##### Exercise data #####
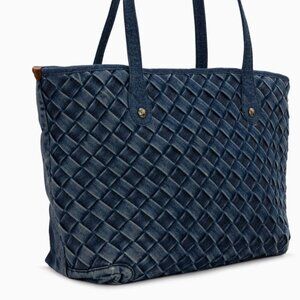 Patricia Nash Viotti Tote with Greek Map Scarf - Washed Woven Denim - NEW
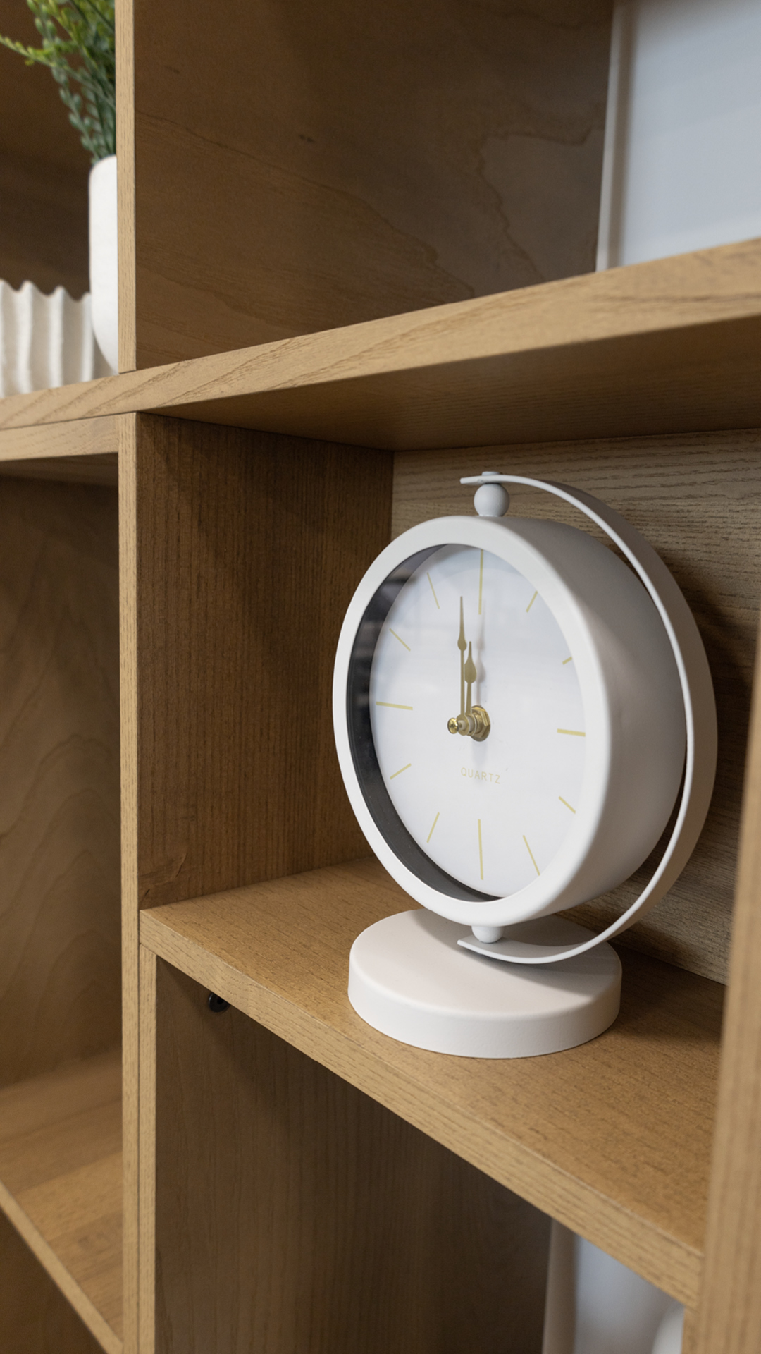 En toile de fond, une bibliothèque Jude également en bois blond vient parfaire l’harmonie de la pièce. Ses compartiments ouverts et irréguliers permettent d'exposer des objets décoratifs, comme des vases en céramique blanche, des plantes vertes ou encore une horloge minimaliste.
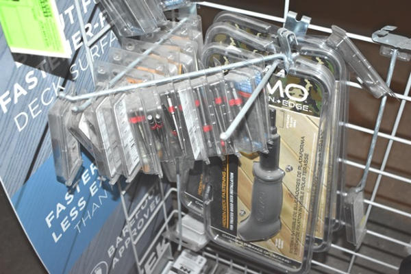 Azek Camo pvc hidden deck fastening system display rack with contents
#####
##### Exercise data #####
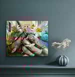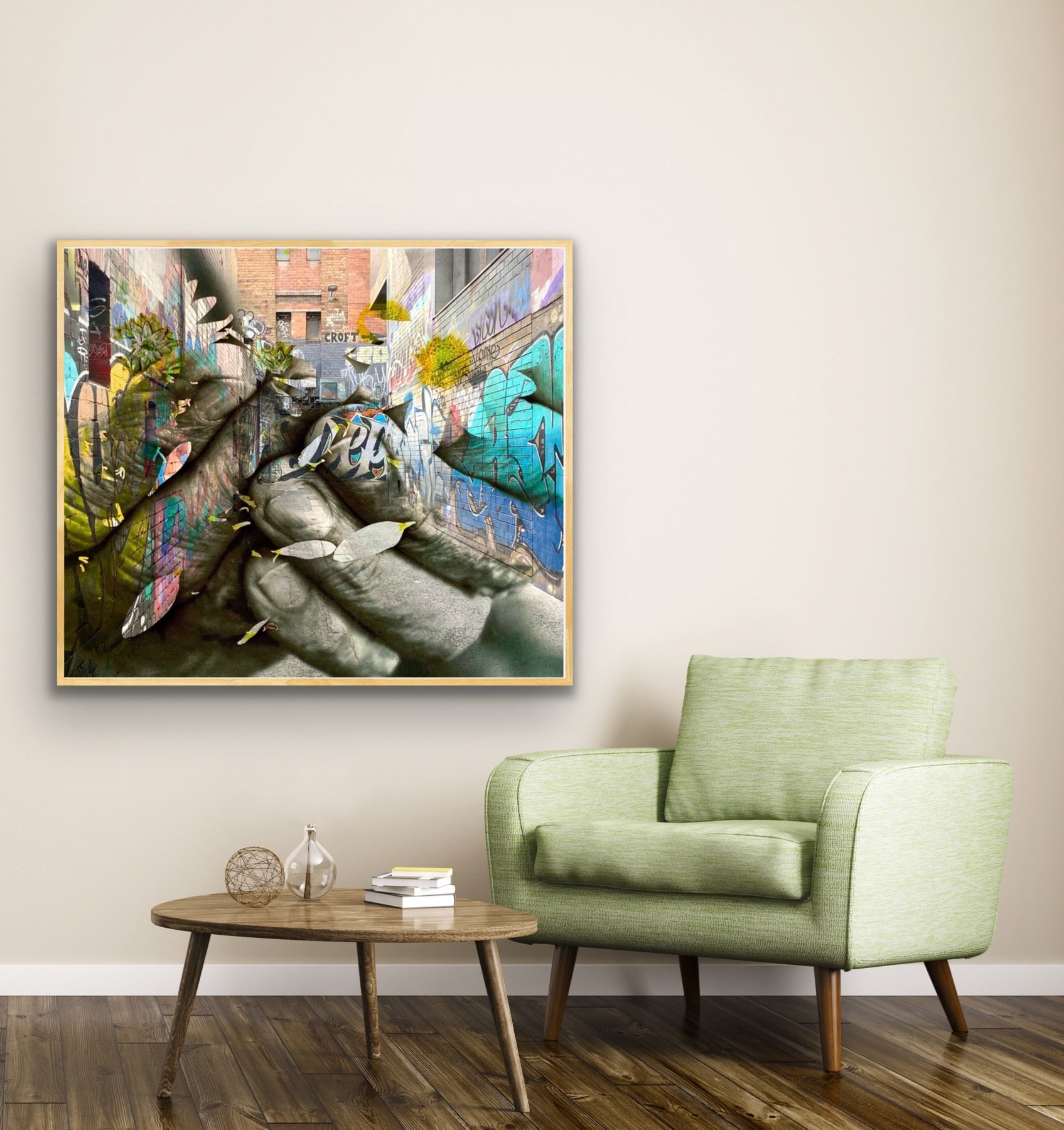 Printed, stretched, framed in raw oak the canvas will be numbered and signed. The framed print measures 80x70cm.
#####
## Activity
Going by the entries above, repeat exactly the lines that start at the line with "Patricia Nash Viotti" and go on through the line with "Azek Camo pvc". Pictures are not part of the copy.

## Exercise answer
 Patricia Nash Viotti Tote with Greek Map Scarf - Washed Woven Denim - NEW
 En toile de fond, une bibliothèque Jude également en bois blond vient parfaire l’harmonie de la pièce. Ses compartiments ouverts et irréguliers permettent d'exposer des objets décoratifs, comme des vases en céramique blanche, des plantes vertes ou encore une horloge minimaliste.
 Azek Camo pvc hidden deck fastening system display rack with contents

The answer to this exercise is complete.